Секвенирование Сэнгера — это надежный метод для определения генных мутаций, который широко использовался в течение нескольких десятилетий. Метод Сэнгера является геноспецифичным, и с его помощью анализируют небольшое подмножество генов. Секвенирование Сэнгера позволяет идентифицировать мозаичные мутации. Но метод секвенирования Сэнгера не позволяет проводить точную количественную оценку, то есть нельзя сделать вывод о том, в каком количестве клеток есть мутация [5].
Метод дробовика
Метод дробовика используется для секвенирования длинных участков ДНК. Суть метода состоит в получении случайной массированной выборки клонированных фрагментов ДНК данного организма, на основе которых восстанавливается исходная последовательность ДНК [6].

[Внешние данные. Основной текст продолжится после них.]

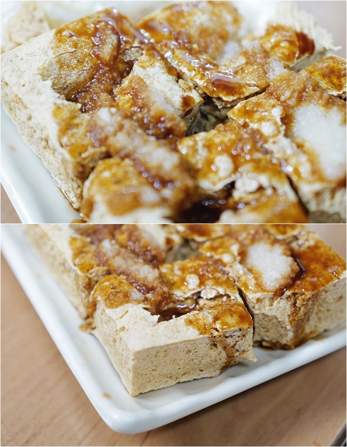 | 脆皮臭豆腐有大小份之分,上面除了醬料以外還有蒜汁,吃起來確實非常脆口,且沒有惱人的油耗味,整體的味道還是淡了一點,算是好吃的臭豆腐,但是沒有特別驚艷,所以瞬間就想起了花蓮玉里橋頭臭豆腐真的很厲害。 |

Первые методы секвенирования способны восстанавливать небольшие последовательности ДНК (порядка 1000 нуклеотидов), следовательно, для секвенирования более длинных последовательностей требовалось разработать новый подход. При секвенировании методом дробовика ДНК случайным образом фрагментируется на мелкие участки с помощью сайт-неспецифичных нуклеаз. Затем фрагменты секвенируют любым доступным методом, например, методом секвенирования по Сэнгеру. Полученные перекрывающиеся случайные фрагменты ДНК собирают с помощью специального программного обеспечения в одну целую последовательность. Данный метод оставался фундаментальным методом секвенирования генома в течение 20 лет [2]. В 1981 году метод применен на практике — полное секвенирование генома вируса мозаики цветной капусты [7].
На практике трудности возникают из-за повторяющихся последовательностей. Например, можно легко секвенировать типичные бактериальные геномы (около 1,5 % повторов) или эухроматическую часть генома мухи (около 3 % повторов). Человеческий геном содержит более чем 50 % повторяющихся последовательностей. Такие особенности усложняют сборку правильной и законченной последовательности генома [2].

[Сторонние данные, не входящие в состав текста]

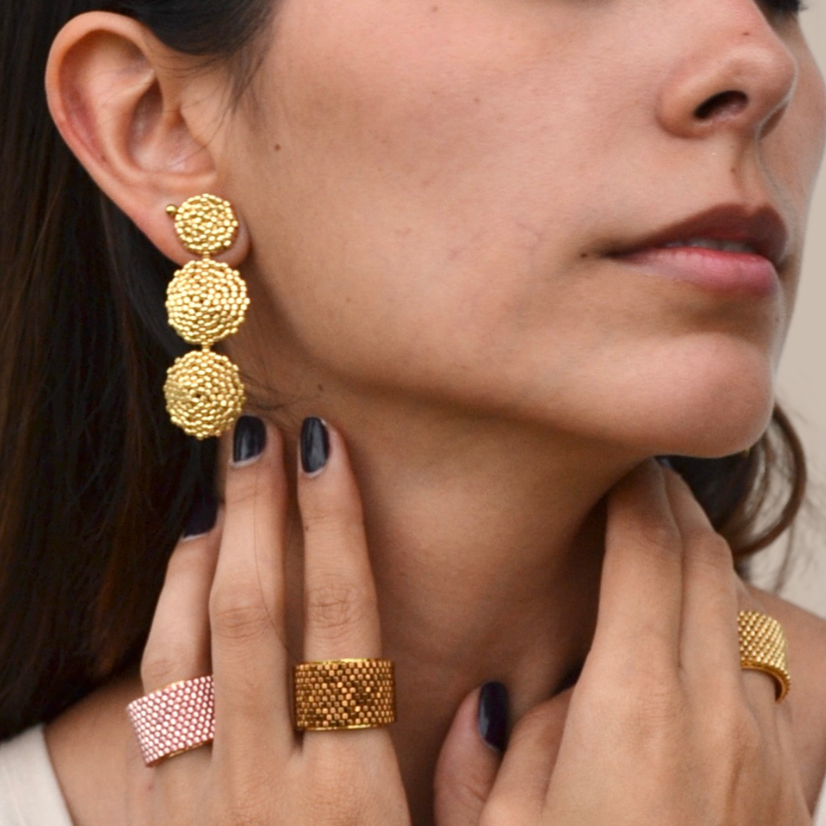 Los aretes Simona son una joya de autor, tejida cuidadosamente a mano con cristales japoneses de Miyuki. Su base es elaborada en bronce bañado en oro de 24K. Es un accesorio perfecto para elevar tu outfit en cualquier ocasión.

В дальнейшем этот подход совершенствовался: были улучшены механизмы фрагментации и клонирования ДНК. В 1990 году был предложен метод секвенирования парных прочтений. Результаты первого применения метода секвенирования парных концов на практике были опубликованы в 1990 году в работе, посвященной секвенированию человеческого гена гипоксантин-гуанинфосфорибозилтрансферазы [4].
При секвенировании парных прочтений ДНК разрезается на случайные фрагменты, которые затем группируются по весу и клонируются в векторах. Клоны секвенируют с обоих концов с использованием метода обрыва цепи, в результате которого образуются две коротких последовательности [4].

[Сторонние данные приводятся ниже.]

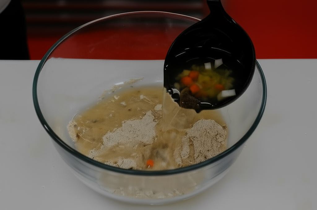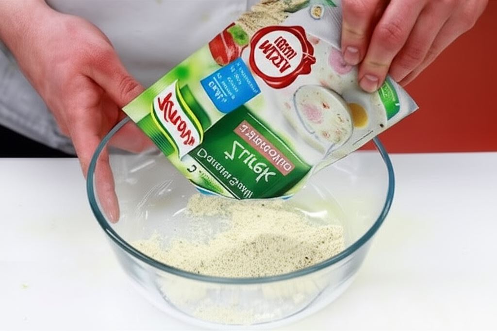 Żurek z wędzonką Knorr wsyp do miski i wymieszaj z niewielką porcją wywaru. Potem wlej do gotującej się zupy, ciągle mieszając – aby zapobiec tworzeniu się grudek.

Иерархическое секвенирование методом дробовика
Для секвенирования больших геномов, содержащих повторяющиеся последовательности, используется подход «иерархического секвенирования методом дробовика» [2].
Данный метод — технически более сложный из-за необходимости обработки больших объемов данных. Это служит причиной тому, что метод иерархического секвенирования имеет более высокую стоимость [2].
Переломной точкой развития методов секвенирования стало появление и широкое распространение технологий ПЦР, автоматизация этапов «чтения» ДНК, совершенствование программного обеспечения. Все это дало начало созданию методов секвенирования следующего поколения. Секвенаторы нового поколения значительно дешевле и гораздо эффективнее своих предшественников. На сегодняшний день производительность некоторых секвенаторов измеряется уже сотнями миллиардов пар оснований, что, например, позволяет подобным приборам сканировать индивидуальный геном человека всего за несколько дней.
Источники:
- International Human Genome Sequencing Consortium et al. Initial sequencing and analysis of the human genome //nature. – 2001. — Т. 409. – №. 6822. – С. 860.
- Pareek C. S., Smoczynski R., Tretyn A. Sequencing technologies and genome sequencing //Journal of applied genetics. – 2011. – Т. 52. – №. 4. – С. 413-435.
- Egli M. et al. Nucleic acids in chemistry and biology. – Royal Society of Chemistry, 2006.
- Edwards A. et al. Automated DNA sequencing of the human HPRT locus //Genomics. – 1990. – Т. 6. – №. 4. – С. 593-608.
- Solomon D. A. Integrating Molecular Diagnostics With Surgical Neuropathology //Practical Surgical Neuropathology: A Diagnostic Approach. – Elsevier, 2018. – С. 71-89.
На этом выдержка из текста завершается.